CSE503: Software Engineering
Lecture 22  (March 1, 1999)

David Notkin

v     LCLint [Evans et al.]

      [Material taken in part from a talk by S. Garland]

      Add some partial specification information to C code to

      Detect potential bugs

      Enforce coding style

v     Versatile and lightweight

      Incremental gain for incremental effort

      Fits in with other tools

      Detects potential bugs

      Specifications enable more accurate checks, messages

      Memory management a particular problem in the C language

      Enforces coding style

      Abstraction boundaries

      Use of mutable and immutable types

v     LCLint Does Not

      Encourage programmer to write

        Contorted code

        Inefficient code

      Report only actual errors

      Report all errors

      Insist on reporting a fixed set of potential errors

        Many options and control flags

v     Ex: Definition before Use

      Sample code
if (setVal(n, &buffer)) ...

      Must buffer be defined before calling setVal?
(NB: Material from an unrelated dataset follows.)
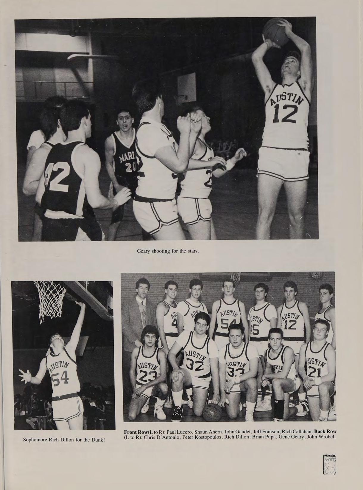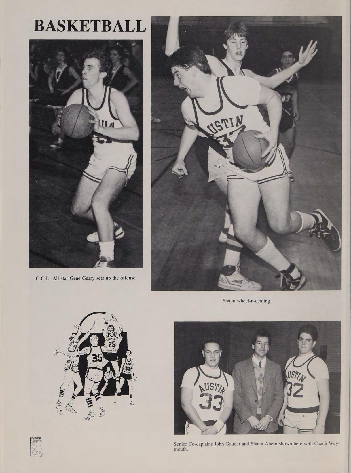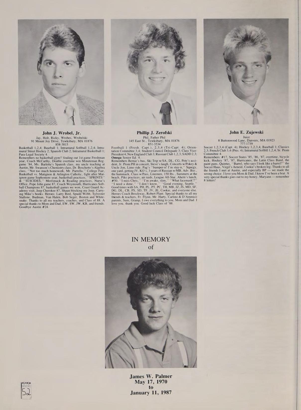 R 's Bernie’s bus, Ski Trip w/SA, DL, CG, Pete’s acci- eg. game 84, Ms. Barletta’s Spanish class, my uncle teaching at Austin, Mr. Swanson’s Chemistry class, Dr. Boschetto’s Algebra class, ‘‘Not too much homework, Mr. Partella,’’ College Fair, Basketball vs. Matignon & Arlington Catholic, fight after Matignon game Sophomore year, basketball practices, “‘SPRINTS’” & ‘‘SUICIDES,’’ Merrimack & Reading practices, Nurse’s Office, Pope John game 87, Coach Weymouth, Hurricanes Softball Champions 87, basketball games we won, Coast Guard Academy visit, Jeep Cherokee 87, Shaun blocking my Jeep, Carrying Mike’s books. Heroes: Larry Bird, Spudd Webb, Sylvester Stallone, Budman, Van Halen, Bob Seger, Boston and Whitesnake. Thanks to all my teachers, coaches, and Class of 88. A special thanks to Mom and Dad, EW, SW, JW, KB, and friends. Goodbye Austin #24.

        Yes: bool setVal(int d, char *val);

        No:            bool setVal(int d, out char *val);

      Is buffer defined afterwards?

        Yes:     bool setVal(...); {modifies *val;}

        Maybe: bool setVal(...); {modifies nothing;}

        NO!:    bool setVal(...); {ensures trashed(val);}

v     More Accurate Checks

      Conventional lint tools report

        Too many spurious errors

        Too few actual errors


        Code does not reveal the programmer’s intent

        Fast checks require simplifying assumptions

        Specifications give good simplifying assumptions

v     Abstraction Boundaries

      Client code should rely only on specifications

      Types can be specified as abstract

        immutable type date;
date nextDay(date d); { }
mutable type
void merge(set s, set t); {modifies s;}

v     LCLint detects

      Inappropriate access to representation

      Including use of ==

v     Checking Abstract Types

      Specification: set.lcl contains the single line
mutable type set;

      Client code
#include "set.h"
bool f(set s, set t) {
  if (s->size > 0) return (s == t);

      > lclint set client.c
client.c:4,7: Arrow access field of abstract type (set): s->size
client.c:5,13: Operands of == are abstract type (set):  s == t

v     Checking Side Effects

void set_insert (set s, int e)
     { modifies s;}
void set_union(set s, set t)
     { modifies s;}

      Code (in set.c) :
void set_union (set s, set t) {
    int i;
    for (i = 0; i < s->size; i++)
       set_insert(t, s->elements[i]);

set.c:35, 27: Called procedure set_insert may modify t:
set_insert(t, s->elements[i])

v     Checking Use of Memory


only char *gname;
. . .
void setName (temp char *pname) char *gname;

void setName (char *pname) {
   gname = pname;

      LCLint error messages
sample.c:2:3: Only storage gname not released before assignment: gname = pname
sample.c:2:3: Temp storage assigned to only: gname = pname

v     If C Were Better...

      Would LCLint still help?

      Yes, because specifications

        contain information not in code

        contain information that is hard to infer from code

        are usable with legacy code, existing compilers

        can be written faster than languages can be changed

        are important even with better languages

v     Experience with LCLint

      Reliable and efficient

      Runs at compiler speed

      Used on both new and legacy code

      1,000-200,000 line programs

      Over 500 users have sent e-mail to MIT

      Tested with varying amounts of specification

      Lots to almost none

      LCLint approximates missing specifications

      Results encouraging

v     Understanding Legacy Code

      Analyzed interpreter (quake) built at DEC SRC

      Discovered latent bugs (ordinary lint can do this)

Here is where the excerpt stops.